# FREE Birmingham Rollers - South Orange County, CA



## roller11 (Sep 10, 2009)

The following images contain Birmingham Rollers that I have available to be shipped (paid by yourself) or picked up locally. These birds are well taken care of and healthy. I'm downsizing my flock.

Pictures with 2 birds are pairs.


----------



## SamanthaBrooke (Jun 24, 2011)

How much would shipping be to zip code 30024 GA

Thanks!


----------



## pigeon is fun (Sep 6, 2010)

roller11,
where is your location?
thanks


----------



## Phil Eyko (Jul 7, 2011)

O how I wish I was in your area.
Beautiful pigeons.


----------



## Big T (Mar 25, 2008)

SamanthaBrooke said:


> How much would shipping be to zip code 30024 GA
> 
> Thanks!


around 24 to 30 dollars four two to three birds.


----------



## RollerLover08 (Nov 4, 2011)

Hey I Wanna It. Do U Still Have It? Give me a email [email protected]


----------



## raja (Oct 23, 2011)

r u giving them for free hahaha if u r lmk bc i would love to take the first 1 the white with black dots and the black with white face i mena 1st pair is it free i mean i will pay shipping but r u giving t for free ?


----------



## horseart4u (Jun 16, 2011)

wow they are pretty wish i was close i am looking for black & white ones


----------



## raja (Oct 23, 2011)

*hey*

Hey Bro R These Free If Ya Then I Want The First Pair And Second Pair I Will Pay The Shipping And Box Lmk Plz I Am Waiitng


----------



## AZCorbin (Feb 28, 2011)

raja said:


> Hey Bro R These Free If Ya Then I Want The First Pair And Second Pair I Will Pay The Shipping And Box Lmk Plz I Am Waiitng


Yes the birds are free.
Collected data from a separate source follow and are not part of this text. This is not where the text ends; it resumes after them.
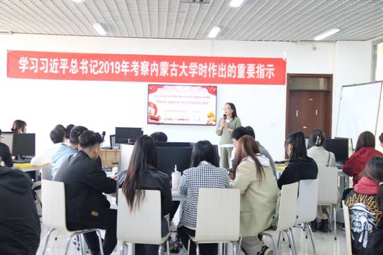党课共分为“办好特色鲜明的一流大学”的重要指示、“传承弘扬优秀少数民族传统文化,加强民族团结进步教育”的重要指示和“提升综合素质,当好中华民族伟大复兴的骨干栋梁”的重要指示”三个部分。雪梅书记首先领学了习近平总书记考察内蒙古大学作出的重要指示精神,接着以铸牢中华民族共同体意识为主线,结合学校的历史传承、办学定位、特色优势以及未来发展上了一堂思想理论性强,内容充实的党课。课堂上大家认真聆听,积极互动,在学习领会习近平新时代中国特色社会主义思想的同时,对总书记的重要指示有了更深刻的理解,更加坚定了为实现中华民族伟大复兴的中国梦的理想信念
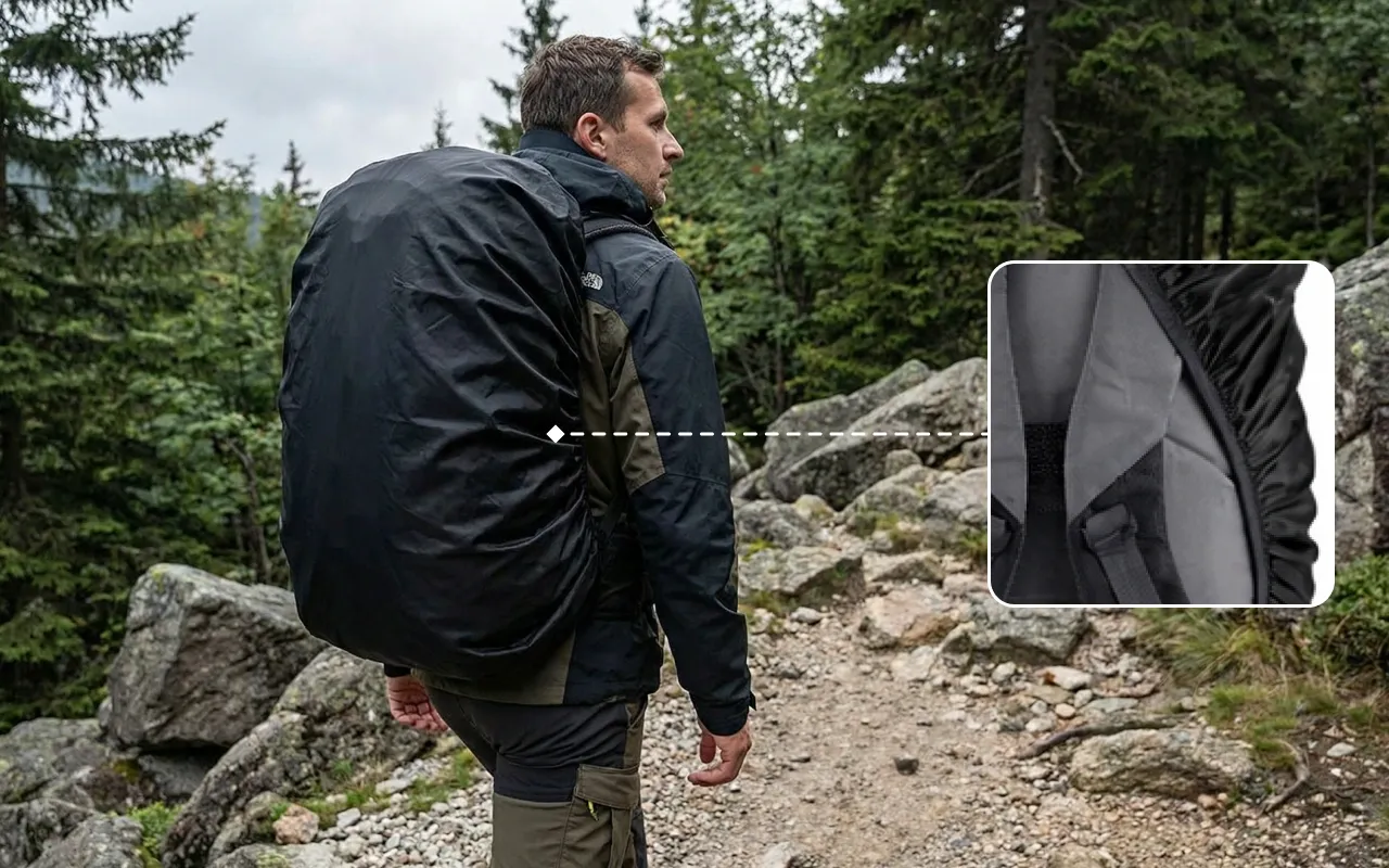 Vi var på fjelltur da det begynte å øsregne, men tingene mine holdt seg trygge og tørre, takket være dette. Tar bare sekunder å trekke over sekken.
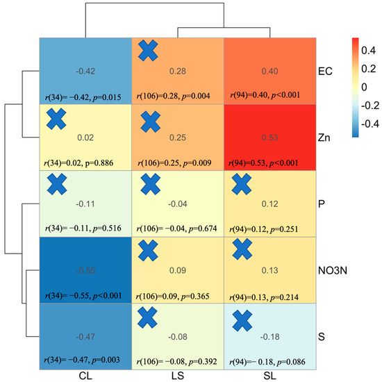 Pearson’s correlation r values for electrical conductivity correlations to other soil chemical properties compared by soil types; data with “×”s indicate a weak correlation.

Check the title
*FREE Birmingham Rollers - South Orange County, CA*

However the user has not been on since August and this thread was first posted in July so I would assume he found them a home by now. But you never know.

I believe it is forum default to be notified of PM's by email so try that!


----------



## nWoAhmad (Aug 20, 2011)

hey mate can you ship to Australia?


----------



## tjad25 (Feb 6, 2012)

Very cool, nice birds


----------